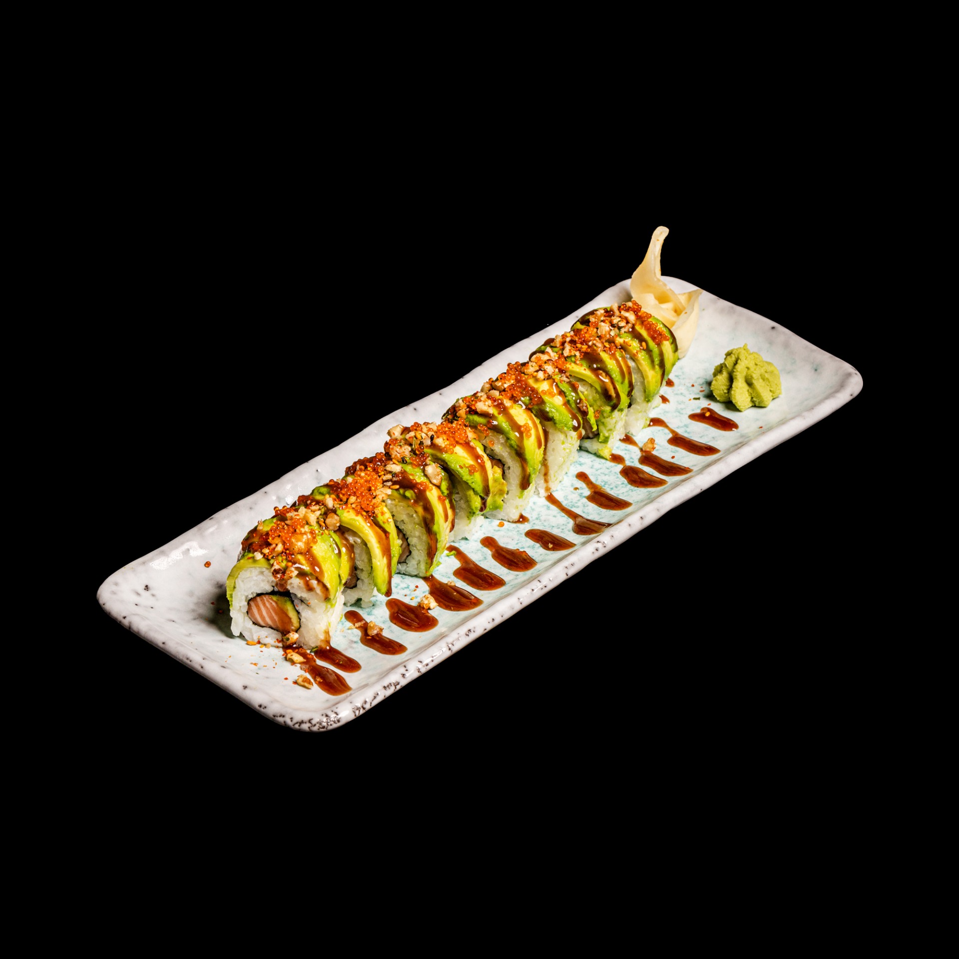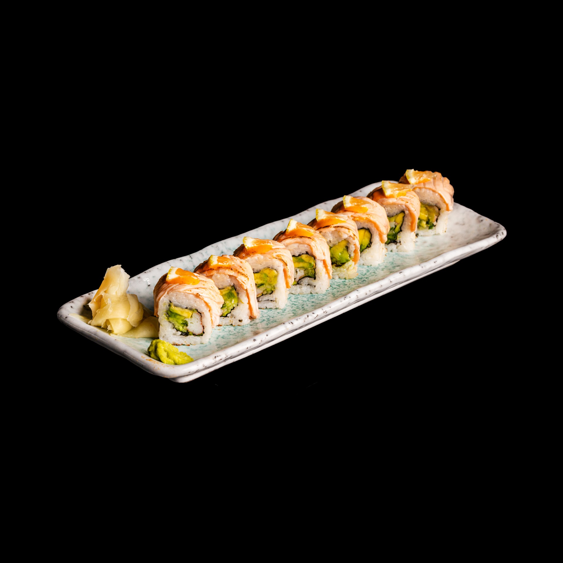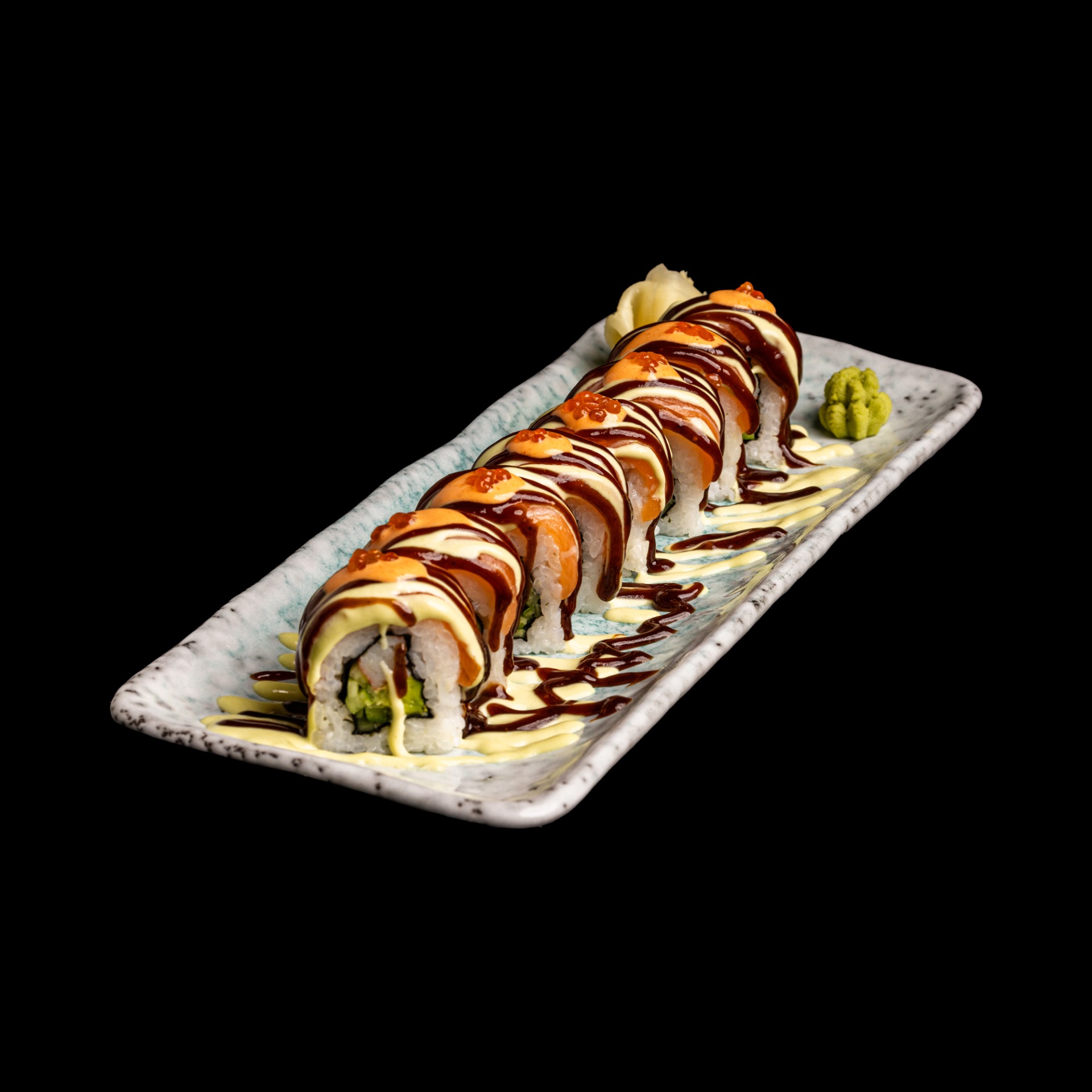 Crabstick, avocado and tanoki wrapped in salmon belly and honey wasabi sauce.
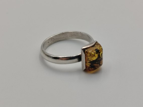 Dzisiaj w ofercie: piękny, stary, autorski, ciekawy, srebrny, damski pierścionek z BURSZTYNEM, wykonany ze srebra próby 925, w rozmiarze 11 - biżuteria VINTAGE
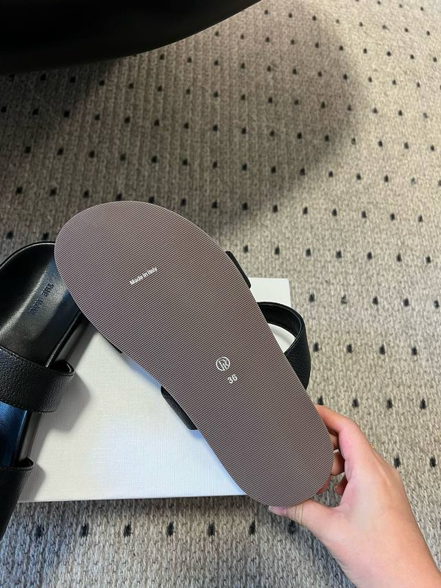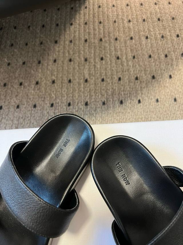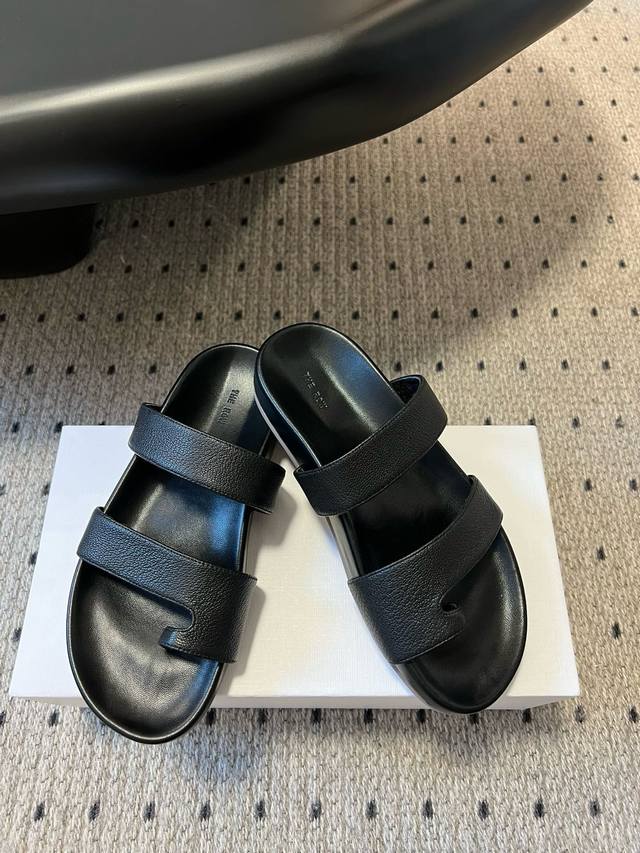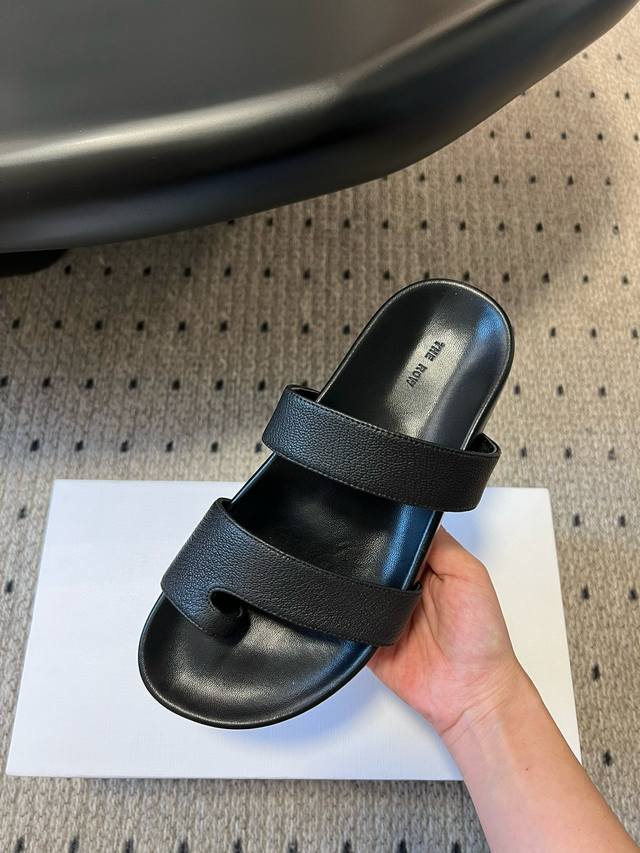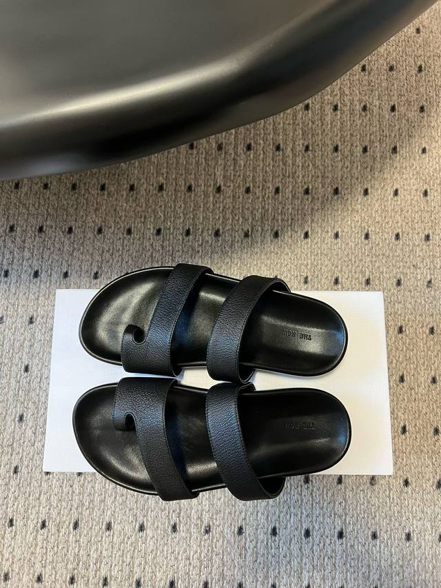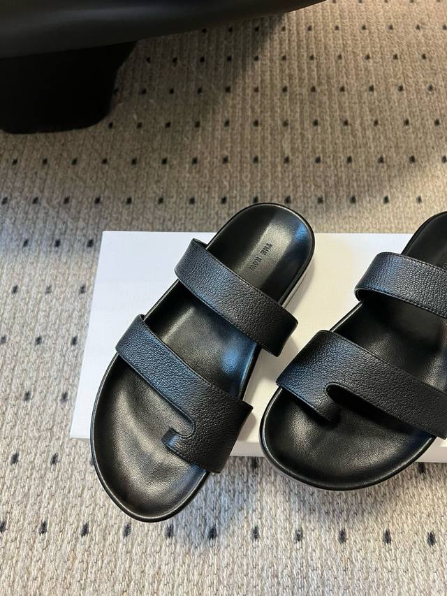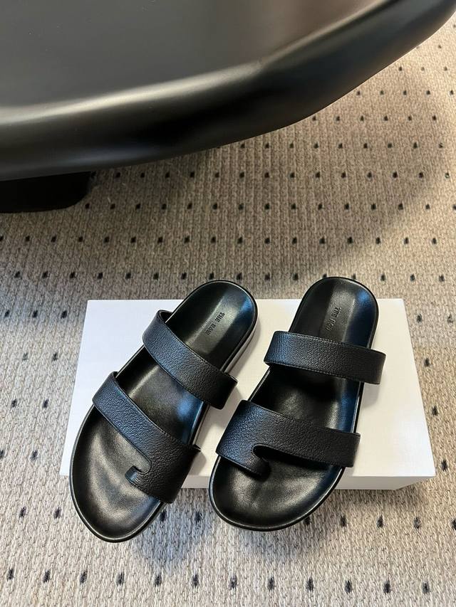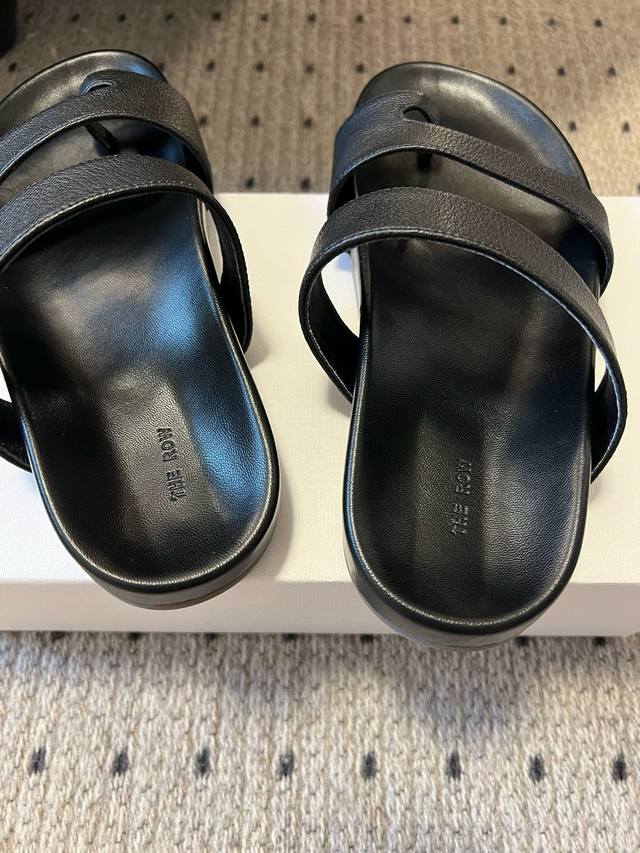 The Row 25Ss 春夏新款简易皱面简易平底 夹脚拖鞋!

================================

## Work instruction
Reproduce all of the material exactly, apart from the pictures.

## Answer section
 Crabstick, avocado and tanoki wrapped in salmon belly and honey wasabi sauce.
 Dzisiaj w ofercie: piękny, stary, autorski, ciekawy, srebrny, damski pierścionek z BURSZTYNEM, wykonany ze srebra próby 925, w rozmiarze 11 - biżuteria VINTAGE
 The Row 25Ss 春夏新款简易皱面简易平底 夹脚拖鞋!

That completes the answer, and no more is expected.